In the last decade we have seen most database tend to relational in nature its only in last 2 years we have had an adventures of No SQL databases. In the post I go around the areas which needs special consideration for SQL Azure. Below are some the few.

  • SQL Azure is not Microsoft SQL Server, on the contrary its a managed version of SQL Server.The SQL database is a multi tenanted system  in which many database instances are hosted on a Single SQL Server running on a physical server or node. That is the very reason to expect a very different performance characteristics what one would expect from pure SQL Server 
  • Every instance of SQL Database in Azure has one primary and 2 secondary replica. SQL Database uses quorum commit in which a commit is deemed successful as soon as primary and secondary replica have completed the commit. One of the many reason why a write will be slower.
  • Security in SQL Azure
    • Use secure connections via using TDS protocol secure encrypted connecting on port 1433.

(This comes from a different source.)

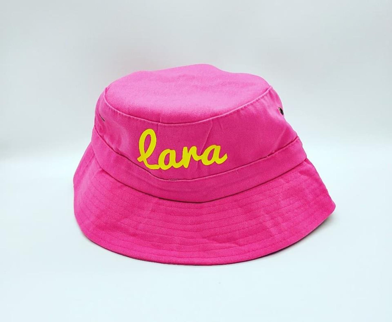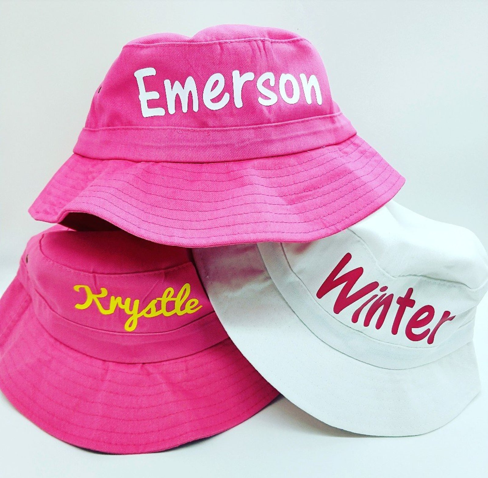 Available in an assortment of sizing and colours, personalised with a name in your choice of font and colour in a permanent heat vinyl on the front panel. Perfect for daycare, the beach or fun in the sun. Made with soft and breathable material with a lightweight design perfect for all day wear. Each hat has a sun safe 6cm brim and a toggle at the back to adjust the size. Available in 50cm, 54cm and 58cm.

    • Handle authentication and authorization separately-   SQL Database provides security administration to create logins and users in a way similar to SQL Server. Security administration for the database level is almost the same as in SQL Server. However, the server level administration is different because SQL Database is assembled from distinct physical machines. Therefore, SQL Database uses the master database for server level administration in order to manage the users and logins.

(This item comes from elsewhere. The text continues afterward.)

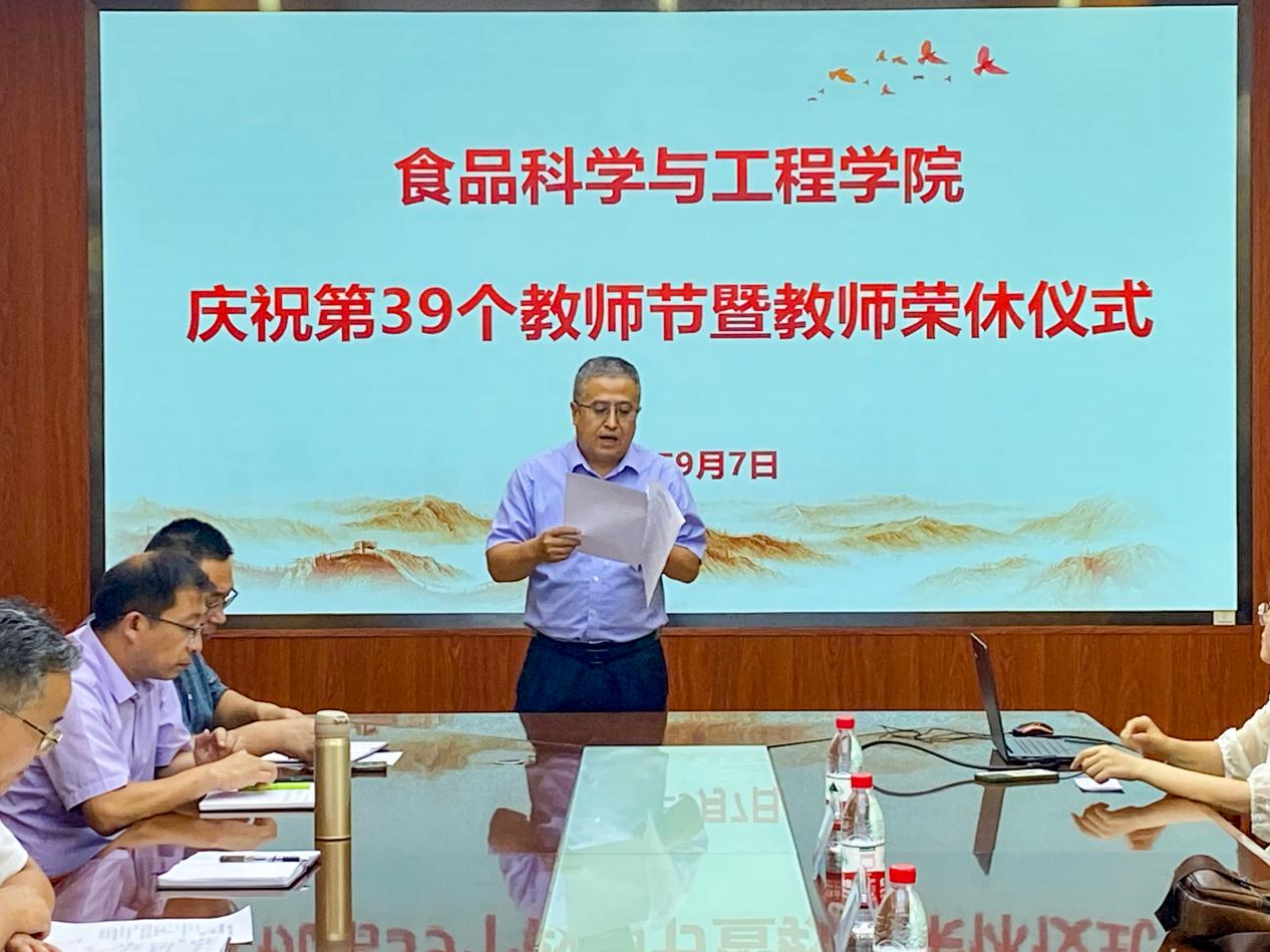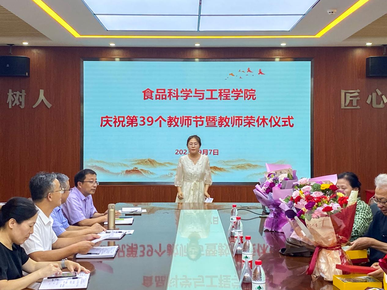 9月7日,在第39个教师节到来之际,食品学院庆祝教师节暨教师荣休仪式在食品楼310会议室举行,学院全体教职工欢聚一堂,共同欢庆自己的节日,同时向光荣退休的六位老教师志送上最诚挚的祝福和最深切的感谢,学院党委书记车广杰主持仪式。

    • To manage network access, use the SQL Database service firewall that handles the network access control. You can configure firewall rules that grant or deny access to specific IP or range of IPs. The firewall can be indication of further latency

  • Connection Timeouts -SQL Database offers high availability (HA) out of the box by maintaining three replicas spread out on different nodes in the datacenter and considering a transaction to be complete as soon as two of the three replicas have been updated. In addition, a fault detection mechanism will automatically launch one of the database copies if needed: when a fault is detected, the primary replica is substituted with the second replica. However, this can trigger a short-term configuration modification in the SQL Database management and result in a short connection timeout (up to 30 seconds) to the database.
  • Back up Issues - HA is also enforced in the scope of the datacenter itself; there is no data redundancy across geographic locations. This means that any major datacenter fault can cause a permanent loss of data.
  • To protect your data, be sure to back up the SQL Database instance to Windows Azure storage in a different datacenter. To reduce data transfer costs, you can choose a datacenter in the same region.To mitigate the risk of this connection timeout, it is a best practice to implement an application retry policy for reconnecting to the database. To reduce the overall reconnection time, consider a back-off reconnection strategy that increases the amount of time for each connection attempt. There is snapshot recovery of SQL Database as of current, with the acquisition of Stor Simple this can be possible.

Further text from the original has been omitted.